• **Records drawn from a dataset**:
——————————

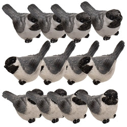Mini Resin Bluebirds are darling decorative accents for spring or everyday displays. Crafted from durable resin, each piece depicts a bluebird with detailed carved design and a flattened bottom for freestanding display. Sold as a set of 12 in an organized wooden crate, 4 birds face down and to the left, 4 face straight forward, and 4 face up and to the right. Each bird features gray-blue painted feathers with a white underbelly and black head and beak. The bluebirds work well as bowl filler or to accent other decor. Each measures 1.5-2” high by 1” wide by 2” deep.
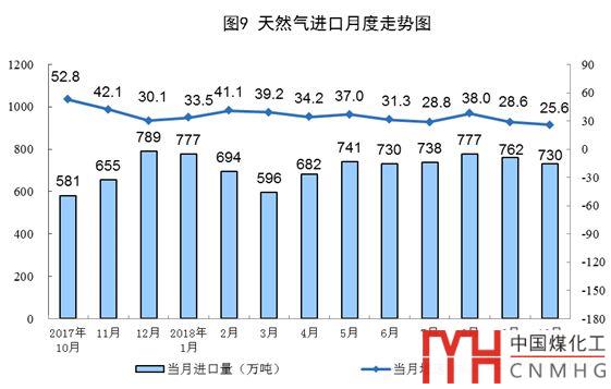 10月份,進(jìn)口天然氣730萬(wàn)噸,同比增長(zhǎng)25.6%,增速比上月回落3個(gè)百分點(diǎn),進(jìn)口量環(huán)比減少32萬(wàn)噸。1-10月份,進(jìn)口天然氣7206萬(wàn)噸,同比增長(zhǎng)33.1%。
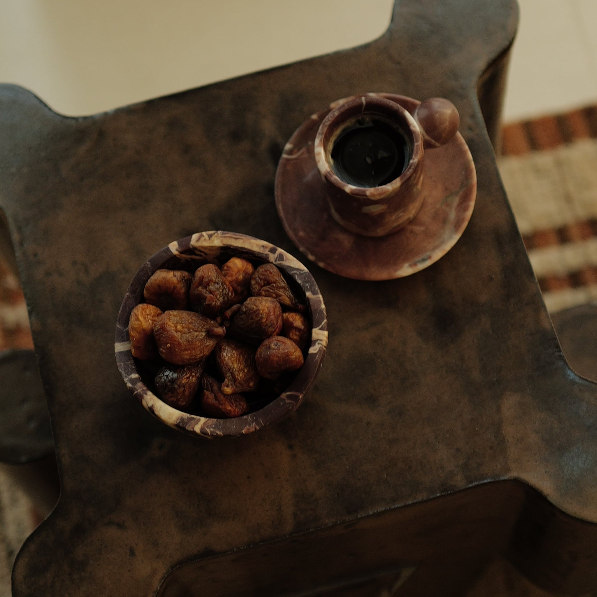 Carved from a single block of richly veined Cherry Gold marble, this petite pedestal bowl is scaled for a handful of Medjool dates, olives, or sea salt. Its gently undulating rim recalls the soft folds of desert dunes, while a slender foot lifts the vessel with quiet ceremony—perfect on a coffee tray, vanity, or bedside table.
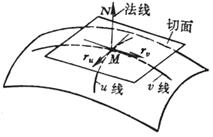 For surfaces represented by parametric or vector expressions, if a series of numerical values L is taken and u is continuously changed, then r ( u , )( i =1,2, L ) represents a family of curves, called u -lines (Figure 7.23 ). ); similarly, if u is a series of values u 1 , u 2 , L , and let it vary continuously, then r ( u i , )( i =1,2, L ) represents another family of continuous curves, called lines . The u line and the line form a curve network on the surface, which is called coordinate line or coordinate network . So u = u i ,![]()
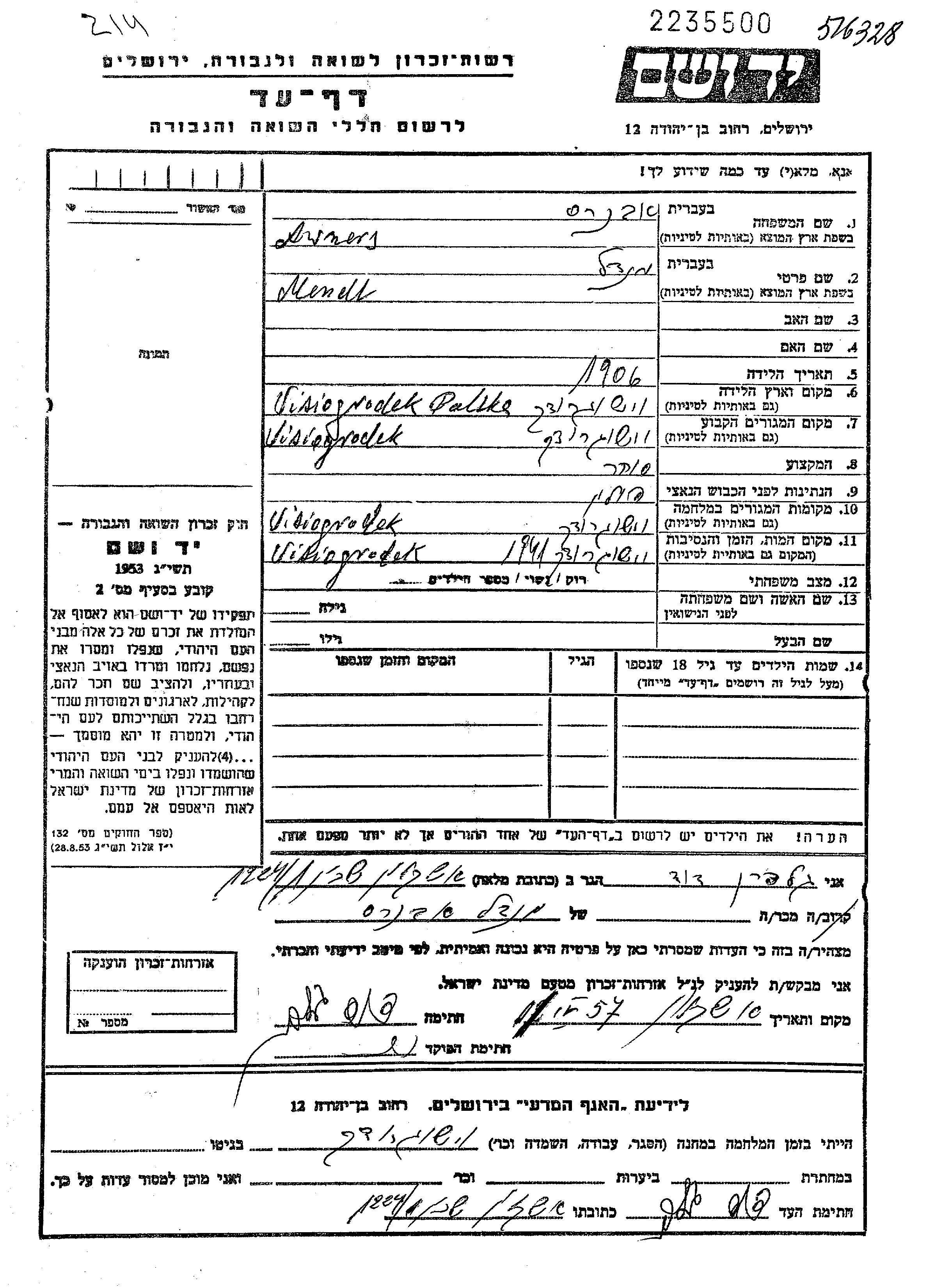 יד ושם - המפעל להנצחת השמות בדפי עד

——————————

Only the lines from the line with "10月份,進(jìn)口天然氣730萬(wàn)噸,同比" through the end of the records belong in your copy. Repeat them exactly, without pictures.

• **EXPECTED ANSWER**:
 10月份,進(jìn)口天然氣730萬(wàn)噸,同比增長(zhǎng)25.6%,增速比上月回落3個(gè)百分點(diǎn),進(jìn)口量環(huán)比減少32萬(wàn)噸。1-10月份,進(jìn)口天然氣7206萬(wàn)噸,同比增長(zhǎng)33.1%。
 Carved from a single block of richly veined Cherry Gold marble, this petite pedestal bowl is scaled for a handful of Medjool dates, olives, or sea salt. Its gently undulating rim recalls the soft folds of desert dunes, while a slender foot lifts the vessel with quiet ceremony—perfect on a coffee tray, vanity, or bedside table.
 For surfaces represented by parametric or vector expressions, if a series of numerical values L is taken and u is continuously changed, then r ( u , )( i =1,2, L ) represents a family of curves, called u -lines (Figure 7.23 ). ); similarly, if u is a series of values u 1 , u 2 , L , and let it vary continuously, then r ( u i , )( i =1,2, L ) represents another family of continuous curves, called lines . The u line and the line form a curve network on the surface, which is called coordinate line or coordinate network . So u = u i ,![]()
 יד ושם - המפעל להנצחת השמות בדפי עד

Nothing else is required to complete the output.